> WHAT YOU SHOULD DO
Beneath this instruction is a listing; print exactly the lines in it starting at the line that contains "Description [Source - Nessa" and going through the line that contains "white, blue chassis, red".

> AVAILABLE DATA
::::::

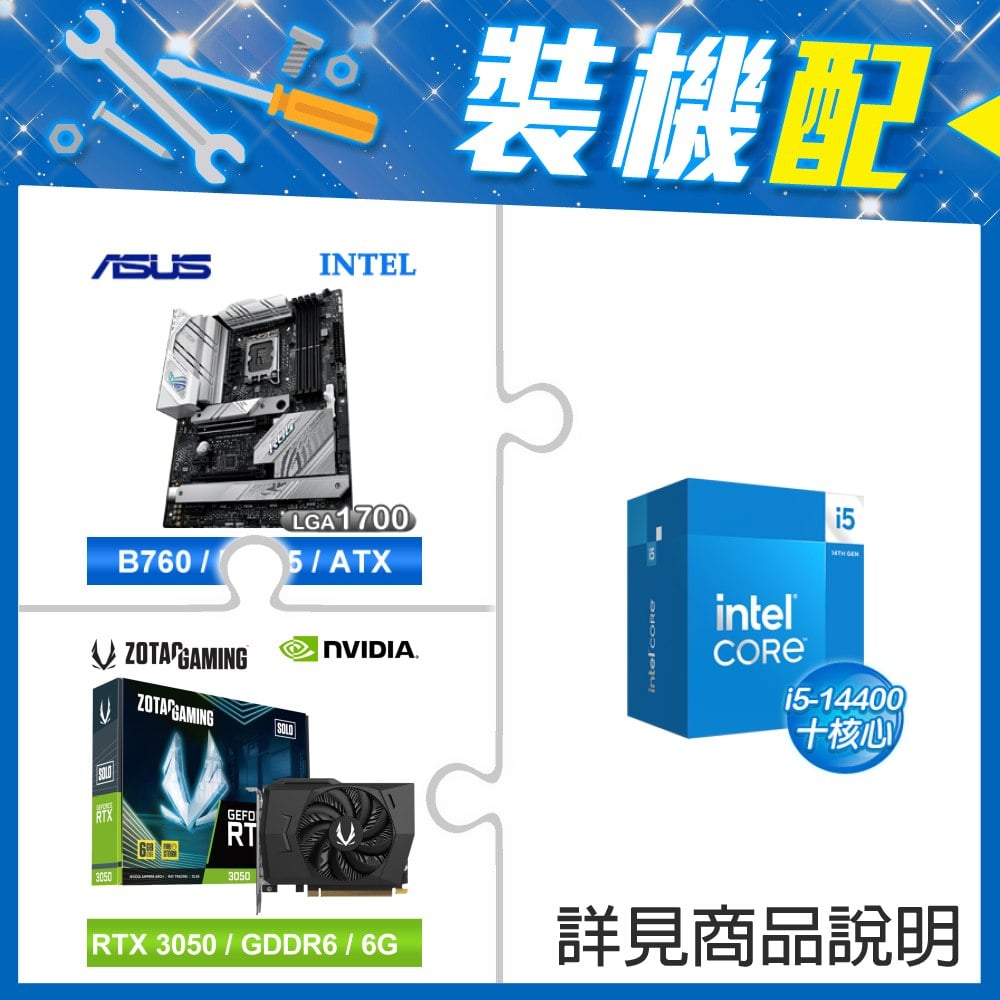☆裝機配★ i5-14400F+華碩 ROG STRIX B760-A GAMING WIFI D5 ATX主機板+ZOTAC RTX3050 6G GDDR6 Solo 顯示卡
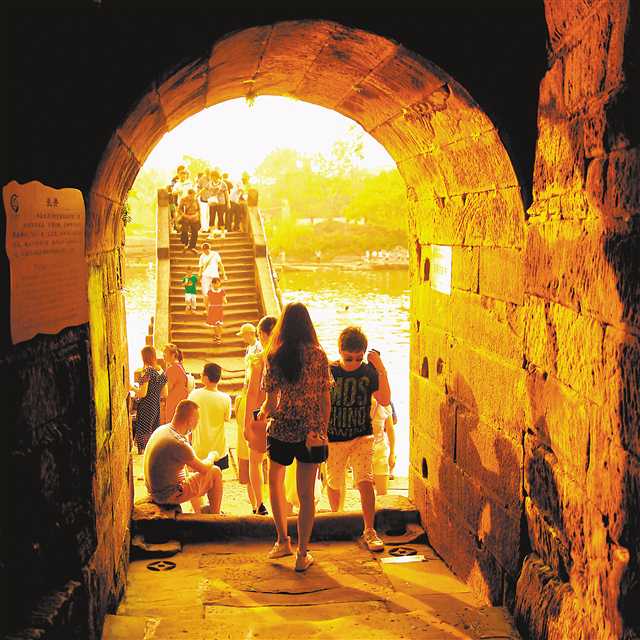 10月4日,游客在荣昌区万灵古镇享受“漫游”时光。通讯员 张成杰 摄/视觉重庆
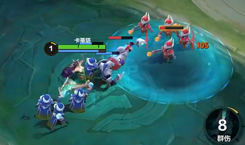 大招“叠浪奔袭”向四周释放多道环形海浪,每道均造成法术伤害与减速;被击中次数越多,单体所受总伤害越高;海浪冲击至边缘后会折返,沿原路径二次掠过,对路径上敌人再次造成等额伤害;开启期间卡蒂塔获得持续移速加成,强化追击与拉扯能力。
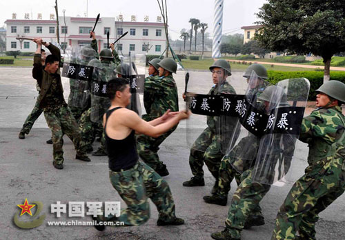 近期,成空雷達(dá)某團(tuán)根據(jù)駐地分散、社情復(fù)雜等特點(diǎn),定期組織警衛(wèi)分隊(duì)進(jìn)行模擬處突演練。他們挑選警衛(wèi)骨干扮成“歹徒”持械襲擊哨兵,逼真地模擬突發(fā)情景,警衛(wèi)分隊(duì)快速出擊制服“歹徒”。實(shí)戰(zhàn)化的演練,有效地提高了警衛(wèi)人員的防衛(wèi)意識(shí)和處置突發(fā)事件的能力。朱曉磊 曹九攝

::::::

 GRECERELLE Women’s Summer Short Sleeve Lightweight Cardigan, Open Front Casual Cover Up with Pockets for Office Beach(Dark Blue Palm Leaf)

::::::

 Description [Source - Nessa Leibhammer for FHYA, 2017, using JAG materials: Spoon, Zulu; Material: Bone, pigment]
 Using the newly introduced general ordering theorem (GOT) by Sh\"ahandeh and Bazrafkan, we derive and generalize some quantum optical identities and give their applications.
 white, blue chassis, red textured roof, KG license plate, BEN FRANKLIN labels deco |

::::::

> EXERCISE SOLUTION
 Description [Source - Nessa Leibhammer for FHYA, 2017, using JAG materials: Spoon, Zulu; Material: Bone, pigment]
 Using the newly introduced general ordering theorem (GOT) by Sh\"ahandeh and Bazrafkan, we derive and generalize some quantum optical identities and give their applications.
 white, blue chassis, red textured roof, KG license plate, BEN FRANKLIN labels deco |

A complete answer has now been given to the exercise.